• _Goal of the exercise_: Where the records below reach the line containing "После, спустившись с", start transcribing, and end with the line containing "- 【ふるさと納税】楽天総合1位獲得 ソフトパックティッシュ", exactly and with nothing else added.

• _Provided information_:
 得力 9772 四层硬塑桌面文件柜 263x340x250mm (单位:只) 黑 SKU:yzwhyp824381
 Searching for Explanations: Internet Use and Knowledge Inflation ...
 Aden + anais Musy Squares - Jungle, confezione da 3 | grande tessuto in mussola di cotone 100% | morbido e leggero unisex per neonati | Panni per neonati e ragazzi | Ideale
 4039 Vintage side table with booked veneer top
--
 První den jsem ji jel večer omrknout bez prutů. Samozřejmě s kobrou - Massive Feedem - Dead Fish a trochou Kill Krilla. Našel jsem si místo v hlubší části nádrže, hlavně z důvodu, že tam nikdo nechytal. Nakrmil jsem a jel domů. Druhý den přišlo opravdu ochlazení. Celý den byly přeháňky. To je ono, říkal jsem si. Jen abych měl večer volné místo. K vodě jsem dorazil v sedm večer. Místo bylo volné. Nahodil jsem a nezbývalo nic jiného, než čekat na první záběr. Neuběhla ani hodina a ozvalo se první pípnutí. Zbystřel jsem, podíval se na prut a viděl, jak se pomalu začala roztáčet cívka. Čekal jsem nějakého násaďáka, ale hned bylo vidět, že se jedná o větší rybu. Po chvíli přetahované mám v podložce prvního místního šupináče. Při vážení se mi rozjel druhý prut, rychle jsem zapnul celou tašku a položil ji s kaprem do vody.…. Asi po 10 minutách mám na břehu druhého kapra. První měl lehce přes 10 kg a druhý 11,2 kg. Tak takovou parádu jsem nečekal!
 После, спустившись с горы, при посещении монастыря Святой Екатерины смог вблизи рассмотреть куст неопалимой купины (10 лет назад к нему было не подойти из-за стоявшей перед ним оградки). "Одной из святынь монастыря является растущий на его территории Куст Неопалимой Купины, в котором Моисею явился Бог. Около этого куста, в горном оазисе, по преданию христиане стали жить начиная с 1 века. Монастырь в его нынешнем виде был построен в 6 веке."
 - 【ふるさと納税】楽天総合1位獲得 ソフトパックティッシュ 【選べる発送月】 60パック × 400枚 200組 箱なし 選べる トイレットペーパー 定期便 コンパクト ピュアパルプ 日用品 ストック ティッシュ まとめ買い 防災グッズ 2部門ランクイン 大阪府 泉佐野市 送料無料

• _Answer to this task_:
 После, спустившись с горы, при посещении монастыря Святой Екатерины смог вблизи рассмотреть куст неопалимой купины (10 лет назад к нему было не подойти из-за стоявшей перед ним оградки). "Одной из святынь монастыря является растущий на его территории Куст Неопалимой Купины, в котором Моисею явился Бог. Около этого куста, в горном оазисе, по преданию христиане стали жить начиная с 1 века. Монастырь в его нынешнем виде был построен в 6 веке."
 - 【ふるさと納税】楽天総合1位獲得 ソフトパックティッシュ 【選べる発送月】 60パック × 400枚 200組 箱なし 選べる トイレットペーパー 定期便 コンパクト ピュアパルプ 日用品 ストック ティッシュ まとめ買い 防災グッズ 2部門ランクイン 大阪府 泉佐野市 送料無料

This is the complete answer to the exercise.